▶ _Problem to work on_
Once the line containing "12月28日上午,湖南湘村万" is located in the records below, repeat it and all lines that follow it exactly, leaving out any picture.

──────── Supplied entries ────────

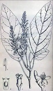 Under the APG II system this genus was placed alone in family Melanophyllaceae, but with the rider that "[s]ome of the families are monogeneric and could possibly be merged when well-supported sister-group relationships have been established."[1] In 2004, such a relationship was established between Melanophylla, Aralidium and Torricellia, resulting in the transfer of the first two of these genera into Torricelliaceae.[2][3]
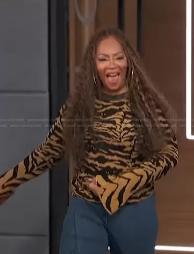 on Access Hollywood on NBC was spotted wearing this beige animal print sweater on Access Hollywood on Apr 11 2023's episode. 's Sweater is the Beverly Knit Jacquard Sweater by Diane von Furstenberg.
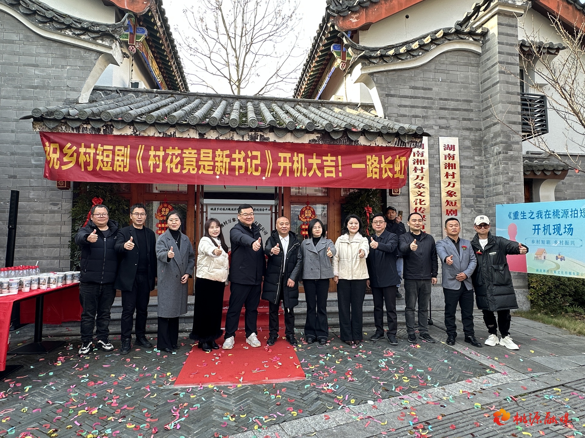 12月28日上午,湖南湘村万象文化传媒有限公司在桃花源古镇正式开业,是桃源县成立的首家微短剧公司,标志着桃源县微短剧产业迈向了政企联动、全民参与的产业深耕新阶段。县委常委、县委宣传部部长丁利民宣布开机,副县长徐超致辞,湘村万象文化传媒有限公司董事长郑兴瑜致欢迎词。
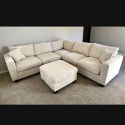 Beautiful Beige Corduroy Sectional Sofa With Ottoman 99x99 "$519Rancho Cucamonga, CA
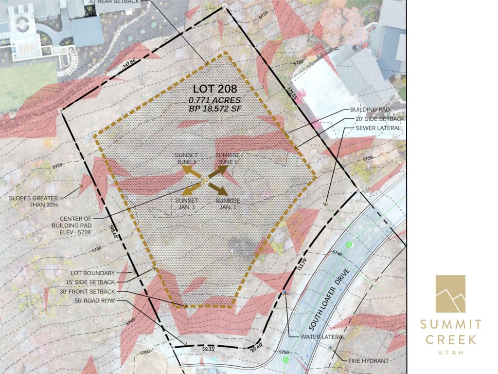 Lot #208 is a gated cul-de-sac homesite that offers privacy, security, and incredible views. The gentle slope is ideal for a walkout basement, giving you flexibility in your home design. Both mountain and valley views are available here, but it's the wide-open valley vistas that make this lot truly special. Summit Creek is a private community at the base of the Wasatch Range, designed for people who want beauty, comfort, and connection. Residents enjoy a modern clubhouse, fitness center, pools, hot tub, and miles of trails for hiking, biking, and exploring. With luxury custom homes and stunning scenery all around, Summit Creek is the perfect place to build your dream home.
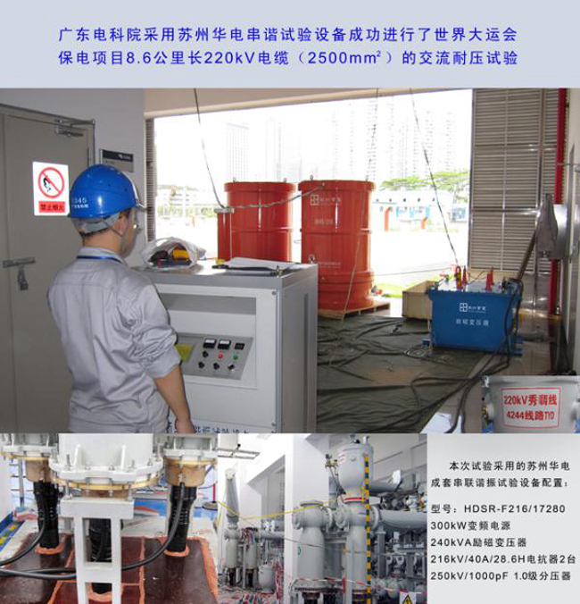 广东电科院采用苏州华电串谐试设备成功进行了世界大运会保电项目8.6公里长220kV电缆(2500mm2)的交流耐压试验
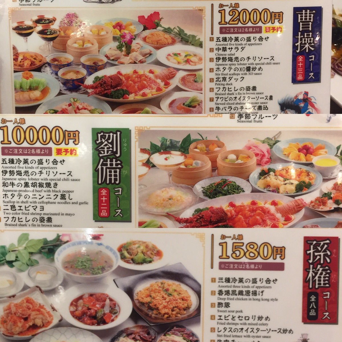 中華料理屋「曹操と劉備のフルコースはこんなもんでええか?孫権はこれで」
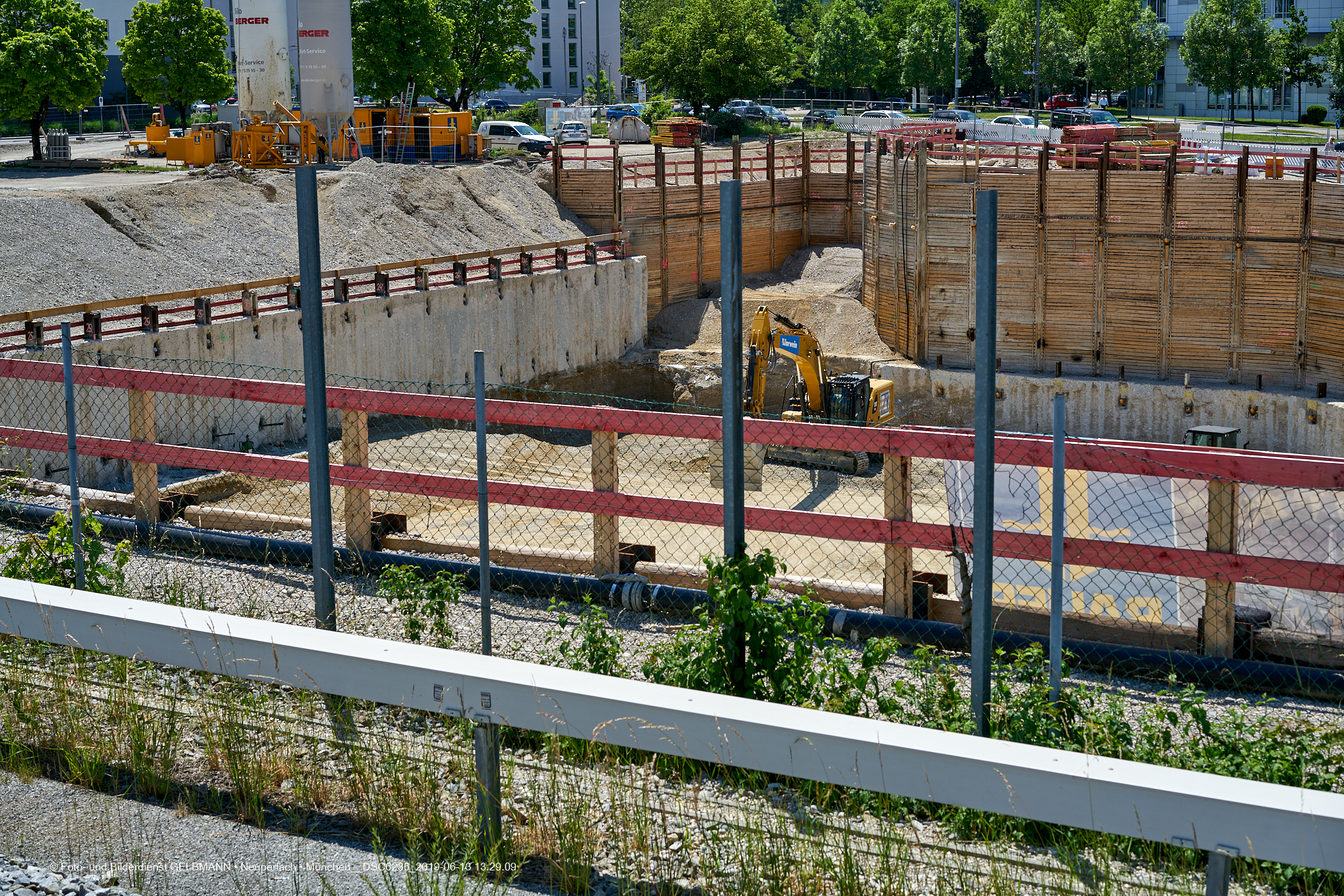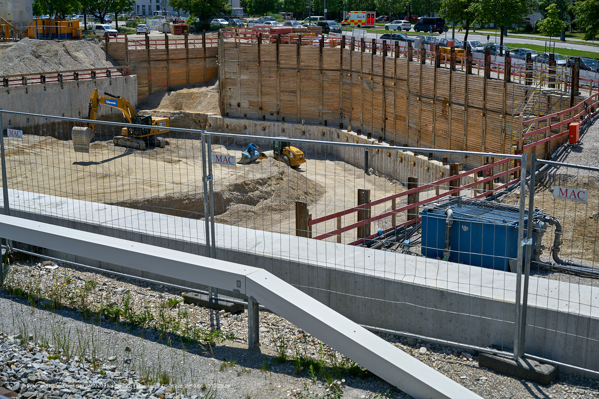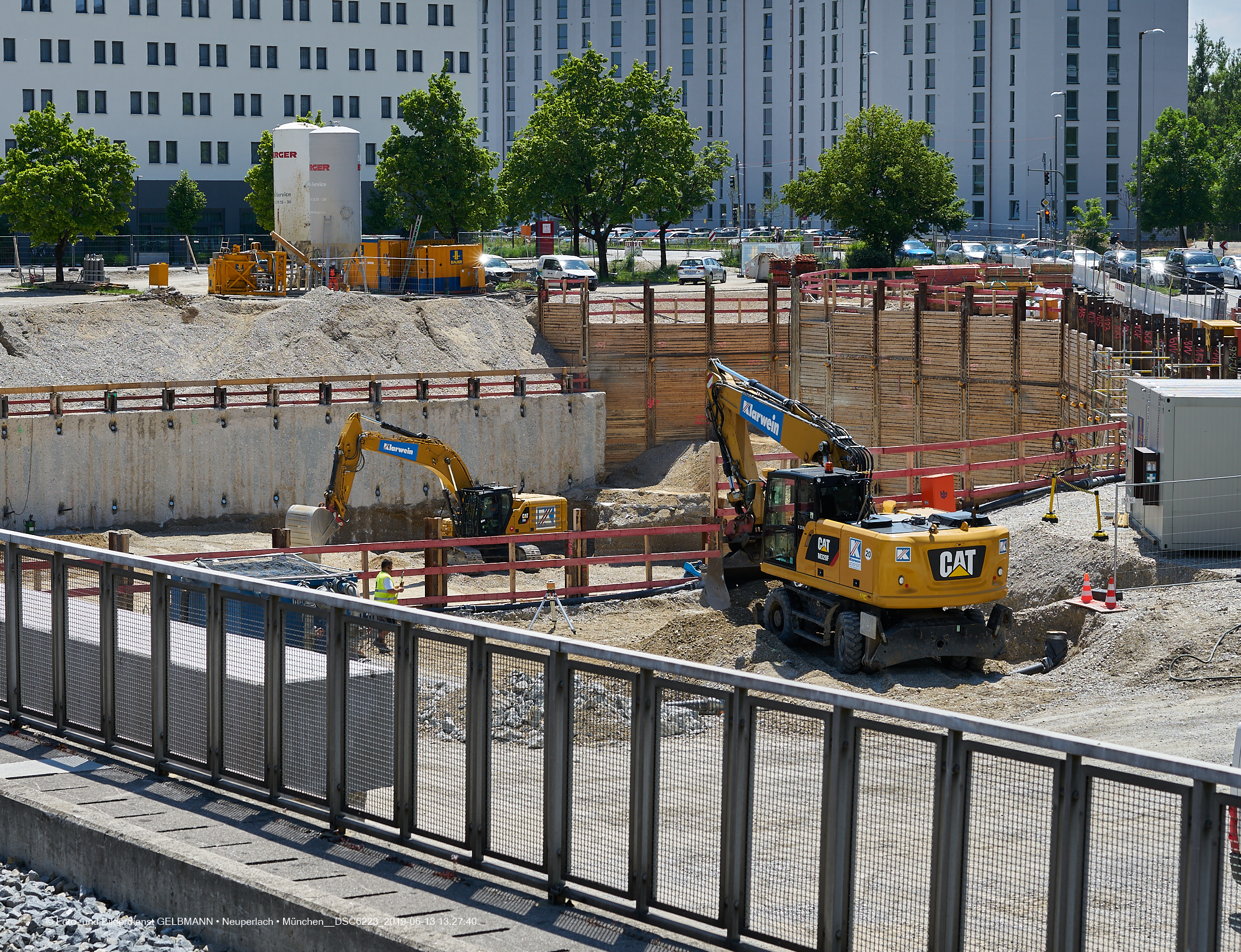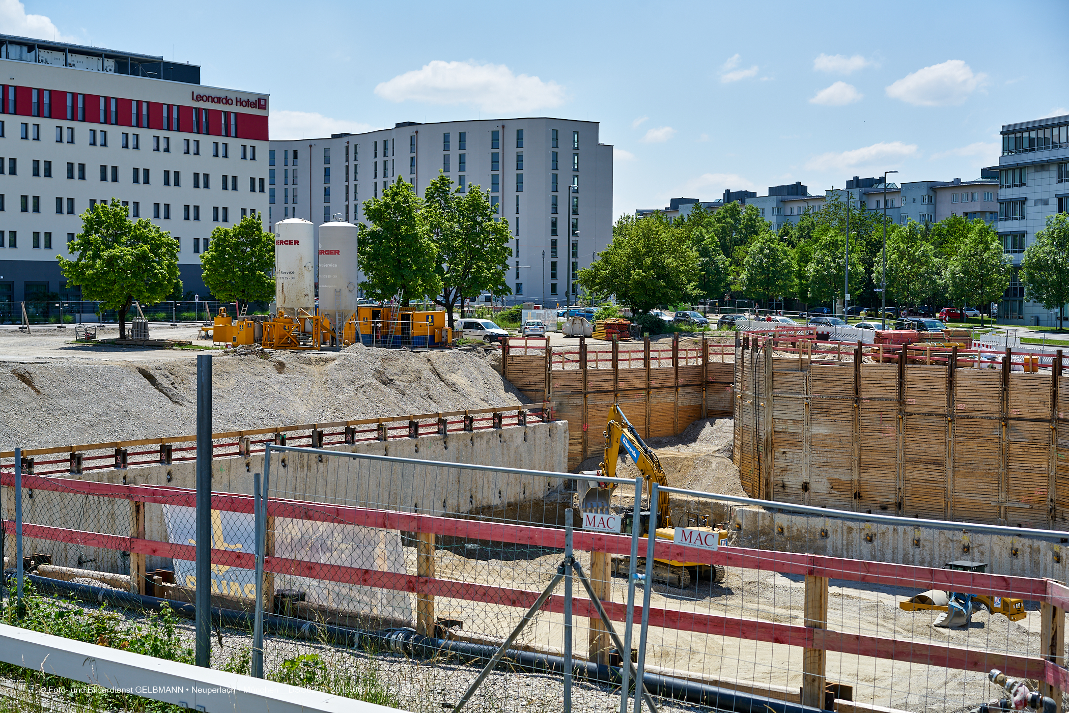 Boardinghouse in Neuperlach Süd: „Zuhause auf Zeit“ Auf dem ehemaligen P&R-Parkplatz an der Carl-Wery-Straße, im Hintergrund ist die Wohnanlage Cal-Wery-Straße zu sehen, direkt an der U- und S-Bahnstation Neuperlach Süd, entsteht ein 17-geschossiges, WOW, echtes(!) Hochhaus, das Boardinghouse. Die aktuelle Historie dieser Baustelle, seit Baubeginn im November 2018, ist hier zu sehen. Besonders eindrucksvoll sind sie Spundwände zur S-Bahn-Gleisanlage. Beindruckende Fotos von der Baugrube habe ich vom S-Bahnsteig Neuperlach- Süd geschossen. Allerdings ist dazu ein Fahrschein oder Bahnsteigkarte der MGV zwingend notwendig. Vielleicht war es ein Zufall oder man hat es auf Siemensmitarbeiter abgesehen, zweimal schon wurde ich beim Verlassen des Bahnsteges kontrolliert. Eine Strafzahlung von 60.- wären mir, trotz aller Liebe zu dieser Baustelle, zu hoch.

────────

▶ _Output for this exercise_
 12月28日上午,湖南湘村万象文化传媒有限公司在桃花源古镇正式开业,是桃源县成立的首家微短剧公司,标志着桃源县微短剧产业迈向了政企联动、全民参与的产业深耕新阶段。县委常委、县委宣传部部长丁利民宣布开机,副县长徐超致辞,湘村万象文化传媒有限公司董事长郑兴瑜致欢迎词。
 Beautiful Beige Corduroy Sectional Sofa With Ottoman 99x99 "$519Rancho Cucamonga, CA
 Lot #208 is a gated cul-de-sac homesite that offers privacy, security, and incredible views. The gentle slope is ideal for a walkout basement, giving you flexibility in your home design. Both mountain and valley views are available here, but it's the wide-open valley vistas that make this lot truly special. Summit Creek is a private community at the base of the Wasatch Range, designed for people who want beauty, comfort, and connection. Residents enjoy a modern clubhouse, fitness center, pools, hot tub, and miles of trails for hiking, biking, and exploring. With luxury custom homes and stunning scenery all around, Summit Creek is the perfect place to build your dream home.
 广东电科院采用苏州华电串谐试设备成功进行了世界大运会保电项目8.6公里长220kV电缆(2500mm2)的交流耐压试验
 中華料理屋「曹操と劉備のフルコースはこんなもんでええか?孫権はこれで」
 Boardinghouse in Neuperlach Süd: „Zuhause auf Zeit“ Auf dem ehemaligen P&R-Parkplatz an der Carl-Wery-Straße, im Hintergrund ist die Wohnanlage Cal-Wery-Straße zu sehen, direkt an der U- und S-Bahnstation Neuperlach Süd, entsteht ein 17-geschossiges, WOW, echtes(!) Hochhaus, das Boardinghouse. Die aktuelle Historie dieser Baustelle, seit Baubeginn im November 2018, ist hier zu sehen. Besonders eindrucksvoll sind sie Spundwände zur S-Bahn-Gleisanlage. Beindruckende Fotos von der Baugrube habe ich vom S-Bahnsteig Neuperlach- Süd geschossen. Allerdings ist dazu ein Fahrschein oder Bahnsteigkarte der MGV zwingend notwendig. Vielleicht war es ein Zufall oder man hat es auf Siemensmitarbeiter abgesehen, zweimal schon wurde ich beim Verlassen des Bahnsteges kontrolliert. Eine Strafzahlung von 60.- wären mir, trotz aller Liebe zu dieser Baustelle, zu hoch.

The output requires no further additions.